DATASET EXTRACT Block Start

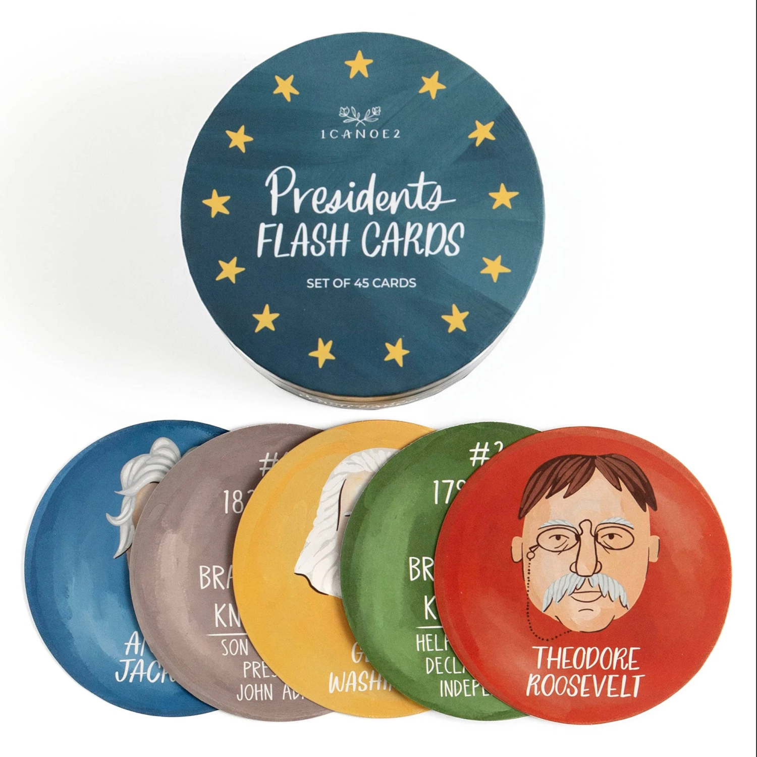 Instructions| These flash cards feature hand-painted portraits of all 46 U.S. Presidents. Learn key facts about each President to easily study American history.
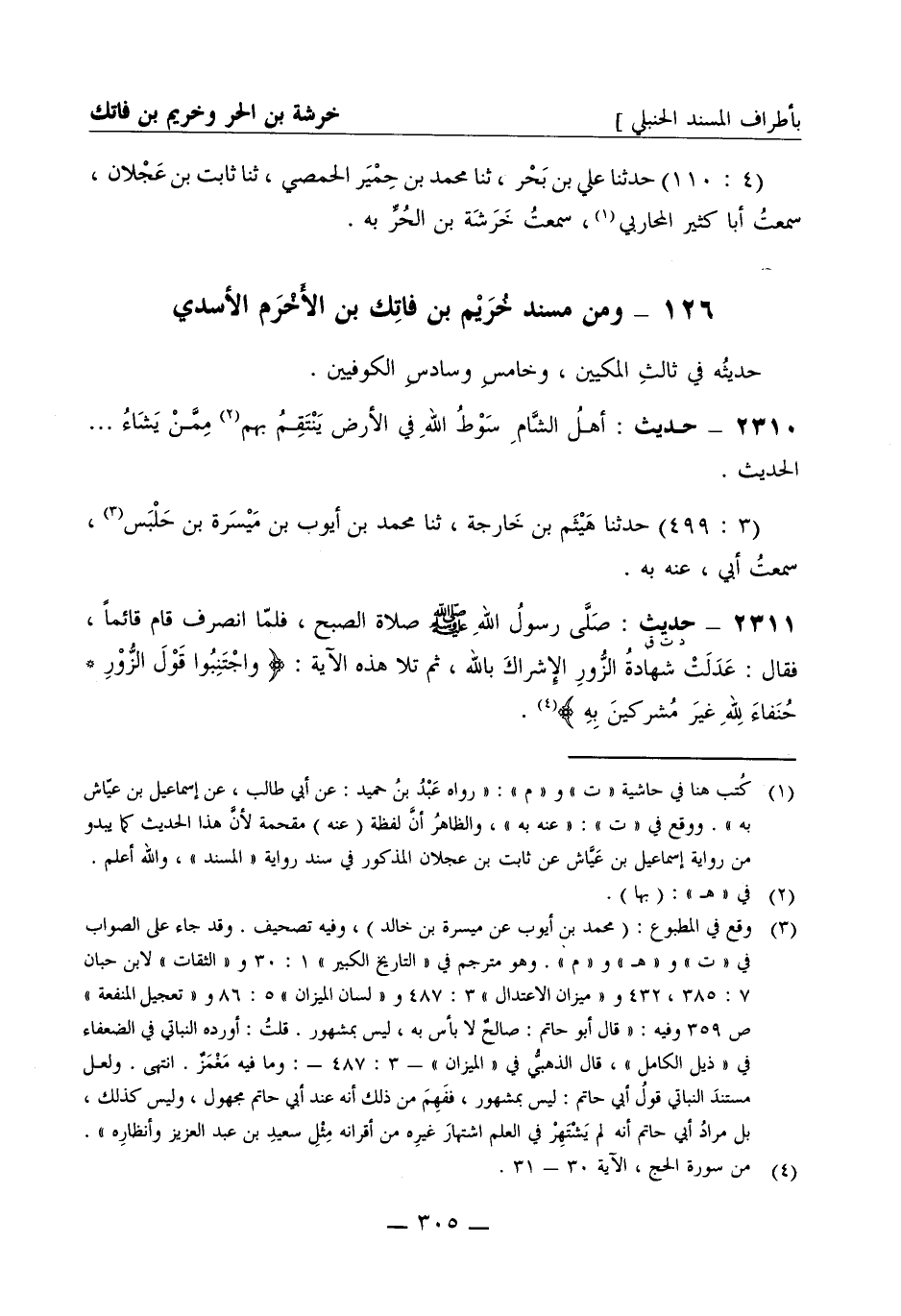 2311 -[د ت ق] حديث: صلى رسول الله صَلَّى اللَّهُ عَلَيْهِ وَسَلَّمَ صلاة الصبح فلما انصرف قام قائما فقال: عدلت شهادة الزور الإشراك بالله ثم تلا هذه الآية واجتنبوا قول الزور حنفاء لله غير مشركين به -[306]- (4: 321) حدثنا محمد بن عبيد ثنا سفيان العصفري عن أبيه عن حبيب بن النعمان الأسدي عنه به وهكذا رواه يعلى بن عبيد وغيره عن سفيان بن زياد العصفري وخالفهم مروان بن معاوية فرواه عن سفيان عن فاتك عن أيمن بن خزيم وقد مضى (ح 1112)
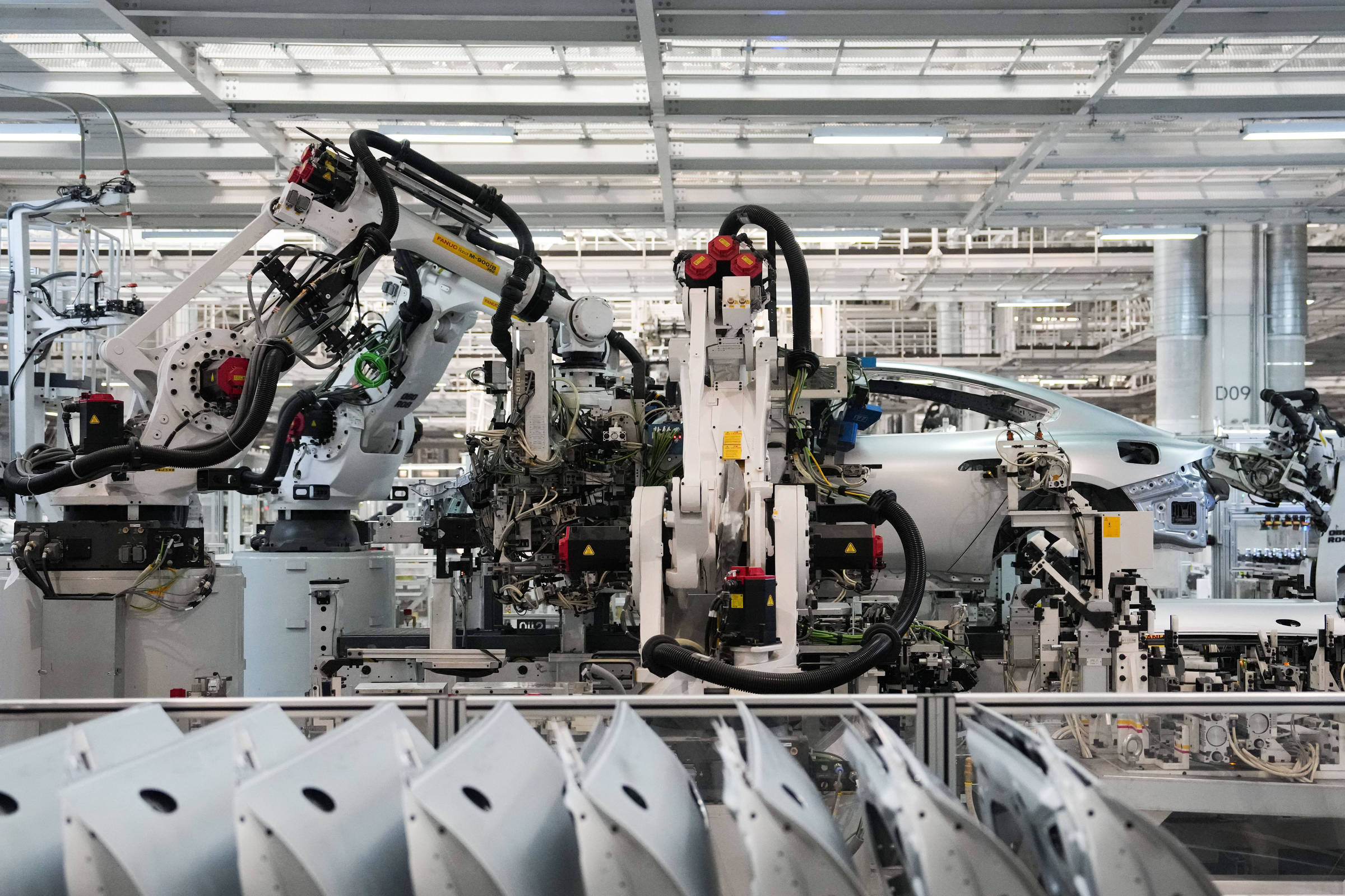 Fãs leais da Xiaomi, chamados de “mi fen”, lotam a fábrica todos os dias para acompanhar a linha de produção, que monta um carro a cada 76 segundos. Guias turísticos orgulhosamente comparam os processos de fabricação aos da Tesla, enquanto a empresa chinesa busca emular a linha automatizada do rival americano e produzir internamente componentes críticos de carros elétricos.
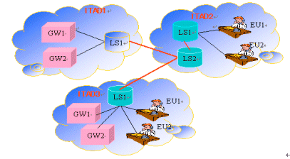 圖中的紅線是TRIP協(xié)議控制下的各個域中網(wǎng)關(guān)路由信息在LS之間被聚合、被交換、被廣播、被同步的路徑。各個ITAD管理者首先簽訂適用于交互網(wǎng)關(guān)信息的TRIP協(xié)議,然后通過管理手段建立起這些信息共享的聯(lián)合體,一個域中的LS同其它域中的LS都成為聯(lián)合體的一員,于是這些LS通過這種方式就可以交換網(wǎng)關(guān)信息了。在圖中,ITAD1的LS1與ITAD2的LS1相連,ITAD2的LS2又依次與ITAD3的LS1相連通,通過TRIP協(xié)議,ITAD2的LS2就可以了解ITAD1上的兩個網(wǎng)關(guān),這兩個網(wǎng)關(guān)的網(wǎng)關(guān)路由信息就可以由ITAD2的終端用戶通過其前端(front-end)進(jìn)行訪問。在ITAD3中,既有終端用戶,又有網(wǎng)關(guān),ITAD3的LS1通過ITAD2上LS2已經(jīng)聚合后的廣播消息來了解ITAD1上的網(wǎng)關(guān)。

DATASET EXTRACT Block End

PROMPT ->
Reproduce nothing but the lines from the line containing "Fãs leais da" through the last line of the data above, exactly as written and without pictures.

SOLUTION BELOW ->
 Fãs leais da Xiaomi, chamados de “mi fen”, lotam a fábrica todos os dias para acompanhar a linha de produção, que monta um carro a cada 76 segundos. Guias turísticos orgulhosamente comparam os processos de fabricação aos da Tesla, enquanto a empresa chinesa busca emular a linha automatizada do rival americano e produzir internamente componentes críticos de carros elétricos.
 圖中的紅線是TRIP協(xié)議控制下的各個域中網(wǎng)關(guān)路由信息在LS之間被聚合、被交換、被廣播、被同步的路徑。各個ITAD管理者首先簽訂適用于交互網(wǎng)關(guān)信息的TRIP協(xié)議,然后通過管理手段建立起這些信息共享的聯(lián)合體,一個域中的LS同其它域中的LS都成為聯(lián)合體的一員,于是這些LS通過這種方式就可以交換網(wǎng)關(guān)信息了。在圖中,ITAD1的LS1與ITAD2的LS1相連,ITAD2的LS2又依次與ITAD3的LS1相連通,通過TRIP協(xié)議,ITAD2的LS2就可以了解ITAD1上的兩個網(wǎng)關(guān),這兩個網(wǎng)關(guān)的網(wǎng)關(guān)路由信息就可以由ITAD2的終端用戶通過其前端(front-end)進(jìn)行訪問。在ITAD3中,既有終端用戶,又有網(wǎng)關(guān),ITAD3的LS1通過ITAD2上LS2已經(jīng)聚合后的廣播消息來了解ITAD1上的網(wǎng)關(guān)。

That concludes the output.